BEGIN SOURCE INFORMATION
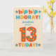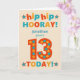 A bright and cheerful birthday card for you to personalize on the front cover, with colorful lettering on a cream background. The front cover greeting is, 'hip hip HOORAY! (Space for you to add the name), you're 13 years old TODAY!' in a bold, colorful script. The red number 13 is extra-large and has big dots in golden yellow and a greenish blue. The inside message is just a suggestion and you can easily change it or delete it if you prefer something different or no printed inside message at all.
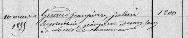 Elle lègue à son mari et à ses enfants le 10/03/1855 la somme de 1200 frs (valeur du mobilier, argent, rentes et créances) :
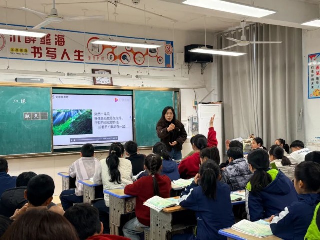 语文课上,黄海燕老师执教《绿》,立足单元整体教学,激发学生对诗歌的兴趣。课堂以多种形式的反复朗读为主线,创设情境、激发想象,让学生在诵读中感受现代诗的节奏与韵律,体会诗歌意境与诗人情感,有效培养了学生的语感与审美能力,课堂诗意盎然。
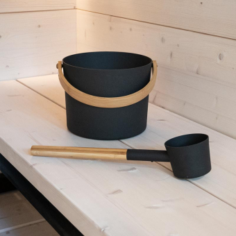 HARVIA Zubehör-Set "Black" bestehend aus Aufgußkübel und Kelle ergänzen perfekt Ihre Saunaeinrichtung.
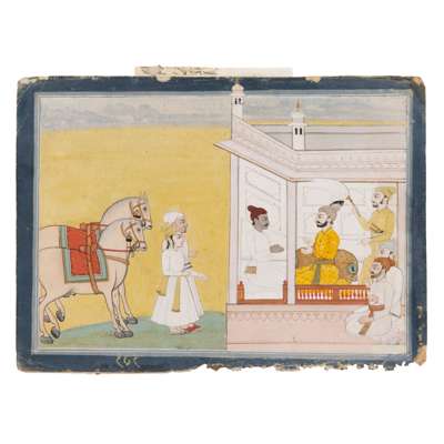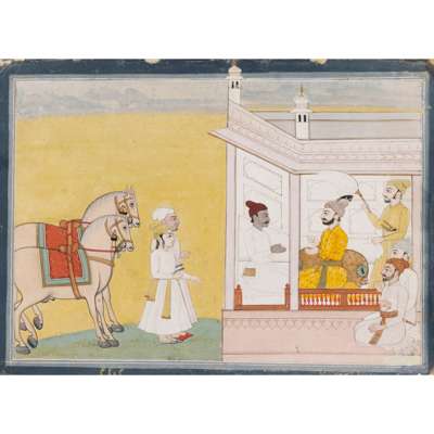AN ILLUSTRATION FROM THE MAHABHARATA, NALA AND DAMAYANTI: KING BHIMA PRESENTED WITH TWO STALLIONS ‡
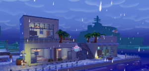 ドンヨリ海辺の街の何か建物があったであろう場所に建ててみました?
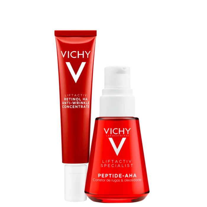 O Kit Vichy Liftactiv Duplo Tratamento une fórmulas que ajudam na correção de marcas difíceis, como o “bigode chinês”, além de controlar o brilho excessivo do rosto. Garante realmente um tratamento de outro nível para a tez das clientes.
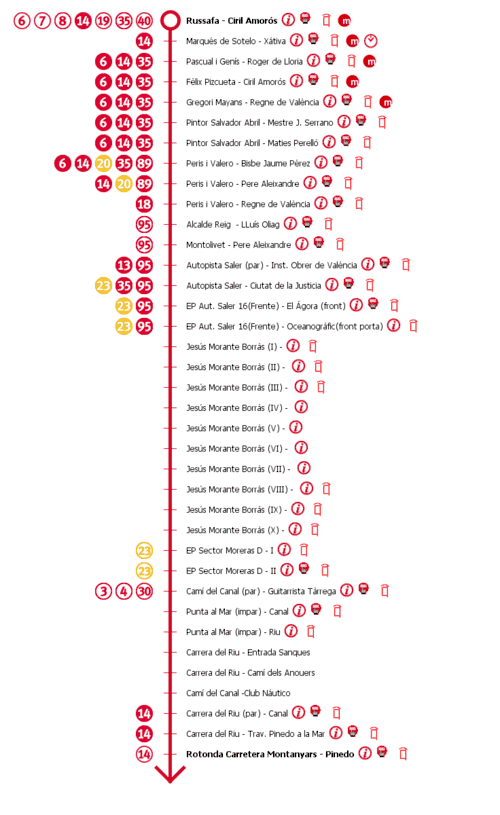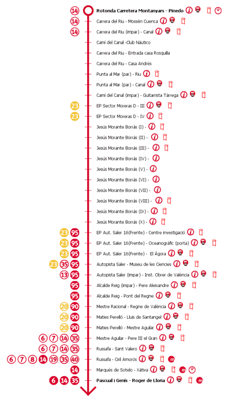 Tenía la cabecera en la rotonda de Montanyares en Pinedo, y la otra está en la calle de Castelló. Además del centro también conecta con el la misma puerta del Oceanográfico, la Ciudad de las Artes y de las Ciencias, la Ciudad de la Justicia, el ambulatorio de Montolivete y el mercado de Ruzafa. Tiene una frecuencia de 100 min.
END SOURCE INFORMATION
* TASK DESCRIPTION: The lines from the one containing "perfekt Ihre Saunaeinrichtung." to the end of the material must be output exactly, both ends included; no picture may appear.

* FINISHED TASK:
 HARVIA Zubehör-Set "Black" bestehend aus Aufgußkübel und Kelle ergänzen perfekt Ihre Saunaeinrichtung.
AN ILLUSTRATION FROM THE MAHABHARATA, NALA AND DAMAYANTI: KING BHIMA PRESENTED WITH TWO STALLIONS ‡
 ドンヨリ海辺の街の何か建物があったであろう場所に建ててみました?
 O Kit Vichy Liftactiv Duplo Tratamento une fórmulas que ajudam na correção de marcas difíceis, como o “bigode chinês”, além de controlar o brilho excessivo do rosto. Garante realmente um tratamento de outro nível para a tez das clientes.
 Tenía la cabecera en la rotonda de Montanyares en Pinedo, y la otra está en la calle de Castelló. Además del centro también conecta con el la misma puerta del Oceanográfico, la Ciudad de las Artes y de las Ciencias, la Ciudad de la Justicia, el ambulatorio de Montolivete y el mercado de Ruzafa. Tiene una frecuencia de 100 min.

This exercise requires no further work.